Excerpts from a dataset:
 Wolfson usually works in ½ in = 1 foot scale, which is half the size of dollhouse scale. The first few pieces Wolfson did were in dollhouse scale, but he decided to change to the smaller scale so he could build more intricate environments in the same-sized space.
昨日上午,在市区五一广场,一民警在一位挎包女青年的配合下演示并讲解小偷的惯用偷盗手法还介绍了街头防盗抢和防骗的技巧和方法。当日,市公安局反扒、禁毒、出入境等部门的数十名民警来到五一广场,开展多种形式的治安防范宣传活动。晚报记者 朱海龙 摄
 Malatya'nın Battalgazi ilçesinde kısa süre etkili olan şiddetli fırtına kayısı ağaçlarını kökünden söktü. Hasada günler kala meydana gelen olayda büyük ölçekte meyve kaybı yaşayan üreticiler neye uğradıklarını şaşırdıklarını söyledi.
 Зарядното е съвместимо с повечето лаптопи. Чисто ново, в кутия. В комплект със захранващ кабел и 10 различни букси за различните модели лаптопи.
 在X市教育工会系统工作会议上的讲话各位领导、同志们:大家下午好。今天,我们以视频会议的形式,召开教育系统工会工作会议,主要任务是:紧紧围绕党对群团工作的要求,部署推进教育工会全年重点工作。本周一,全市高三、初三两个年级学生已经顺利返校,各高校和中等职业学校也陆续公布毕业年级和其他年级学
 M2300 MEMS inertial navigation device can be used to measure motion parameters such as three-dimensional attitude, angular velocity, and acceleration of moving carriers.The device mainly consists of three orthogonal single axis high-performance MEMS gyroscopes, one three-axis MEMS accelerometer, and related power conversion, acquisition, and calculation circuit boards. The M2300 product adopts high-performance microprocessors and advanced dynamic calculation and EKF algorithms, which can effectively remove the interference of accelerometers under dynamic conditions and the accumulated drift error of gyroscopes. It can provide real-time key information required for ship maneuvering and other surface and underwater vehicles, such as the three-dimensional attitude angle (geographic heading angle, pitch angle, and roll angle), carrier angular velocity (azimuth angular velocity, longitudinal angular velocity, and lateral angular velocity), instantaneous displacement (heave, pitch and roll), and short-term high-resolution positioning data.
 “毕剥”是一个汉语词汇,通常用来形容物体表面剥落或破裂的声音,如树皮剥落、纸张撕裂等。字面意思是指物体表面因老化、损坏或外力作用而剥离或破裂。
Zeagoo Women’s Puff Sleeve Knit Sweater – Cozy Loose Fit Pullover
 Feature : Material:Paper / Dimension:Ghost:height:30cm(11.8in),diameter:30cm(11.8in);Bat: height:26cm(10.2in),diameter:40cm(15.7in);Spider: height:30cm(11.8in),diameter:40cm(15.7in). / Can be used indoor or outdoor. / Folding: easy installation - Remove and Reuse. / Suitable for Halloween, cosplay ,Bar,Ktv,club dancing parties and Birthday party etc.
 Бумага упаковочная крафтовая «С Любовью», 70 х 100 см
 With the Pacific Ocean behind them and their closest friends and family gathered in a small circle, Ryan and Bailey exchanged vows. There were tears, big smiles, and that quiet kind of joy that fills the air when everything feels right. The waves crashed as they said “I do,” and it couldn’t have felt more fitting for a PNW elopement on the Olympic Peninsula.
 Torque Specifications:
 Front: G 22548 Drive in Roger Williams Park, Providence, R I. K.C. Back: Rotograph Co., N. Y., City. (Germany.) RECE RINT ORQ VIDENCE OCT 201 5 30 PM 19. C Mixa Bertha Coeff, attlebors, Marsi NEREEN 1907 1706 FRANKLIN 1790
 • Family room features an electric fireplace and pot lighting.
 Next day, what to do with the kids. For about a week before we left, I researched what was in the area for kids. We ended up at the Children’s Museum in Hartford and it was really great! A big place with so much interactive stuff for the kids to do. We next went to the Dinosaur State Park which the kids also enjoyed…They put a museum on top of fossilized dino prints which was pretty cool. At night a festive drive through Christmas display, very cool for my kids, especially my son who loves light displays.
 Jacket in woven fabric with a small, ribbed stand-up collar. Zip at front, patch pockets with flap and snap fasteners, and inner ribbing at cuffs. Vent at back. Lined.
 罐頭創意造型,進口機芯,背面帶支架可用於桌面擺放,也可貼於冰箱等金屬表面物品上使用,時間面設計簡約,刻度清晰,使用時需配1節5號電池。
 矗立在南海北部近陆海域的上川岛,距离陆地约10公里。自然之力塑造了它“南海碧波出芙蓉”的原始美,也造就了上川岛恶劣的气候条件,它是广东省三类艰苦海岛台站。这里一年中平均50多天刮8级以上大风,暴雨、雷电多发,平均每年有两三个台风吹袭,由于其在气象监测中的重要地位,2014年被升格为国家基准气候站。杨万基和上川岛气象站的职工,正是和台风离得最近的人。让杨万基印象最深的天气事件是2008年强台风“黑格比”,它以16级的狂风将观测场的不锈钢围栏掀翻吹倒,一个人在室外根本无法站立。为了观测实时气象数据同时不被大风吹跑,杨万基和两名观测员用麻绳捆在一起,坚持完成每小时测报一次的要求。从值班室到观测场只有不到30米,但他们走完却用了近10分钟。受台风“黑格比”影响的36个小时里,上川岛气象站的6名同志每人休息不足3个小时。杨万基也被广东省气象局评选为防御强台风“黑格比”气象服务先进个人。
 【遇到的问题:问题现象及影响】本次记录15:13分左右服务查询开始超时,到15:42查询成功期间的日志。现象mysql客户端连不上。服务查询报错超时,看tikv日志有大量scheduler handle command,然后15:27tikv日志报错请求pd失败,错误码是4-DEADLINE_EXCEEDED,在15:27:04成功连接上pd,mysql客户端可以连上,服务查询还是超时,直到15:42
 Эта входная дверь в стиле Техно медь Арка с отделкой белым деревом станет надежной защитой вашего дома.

ASSIGNMENT → Give back, word for word, the lines of the records that run from the one holding "罐頭創意造型,進口機芯,背面" to the very last.

ANSWER BOX →
 罐頭創意造型,進口機芯,背面帶支架可用於桌面擺放,也可貼於冰箱等金屬表面物品上使用,時間面設計簡約,刻度清晰,使用時需配1節5號電池。
 矗立在南海北部近陆海域的上川岛,距离陆地约10公里。自然之力塑造了它“南海碧波出芙蓉”的原始美,也造就了上川岛恶劣的气候条件,它是广东省三类艰苦海岛台站。这里一年中平均50多天刮8级以上大风,暴雨、雷电多发,平均每年有两三个台风吹袭,由于其在气象监测中的重要地位,2014年被升格为国家基准气候站。杨万基和上川岛气象站的职工,正是和台风离得最近的人。让杨万基印象最深的天气事件是2008年强台风“黑格比”,它以16级的狂风将观测场的不锈钢围栏掀翻吹倒,一个人在室外根本无法站立。为了观测实时气象数据同时不被大风吹跑,杨万基和两名观测员用麻绳捆在一起,坚持完成每小时测报一次的要求。从值班室到观测场只有不到30米,但他们走完却用了近10分钟。受台风“黑格比”影响的36个小时里,上川岛气象站的6名同志每人休息不足3个小时。杨万基也被广东省气象局评选为防御强台风“黑格比”气象服务先进个人。
 【遇到的问题:问题现象及影响】本次记录15:13分左右服务查询开始超时,到15:42查询成功期间的日志。现象mysql客户端连不上。服务查询报错超时,看tikv日志有大量scheduler handle command,然后15:27tikv日志报错请求pd失败,错误码是4-DEADLINE_EXCEEDED,在15:27:04成功连接上pd,mysql客户端可以连上,服务查询还是超时,直到15:42
 Эта входная дверь в стиле Техно медь Арка с отделкой белым деревом станет надежной защитой вашего дома.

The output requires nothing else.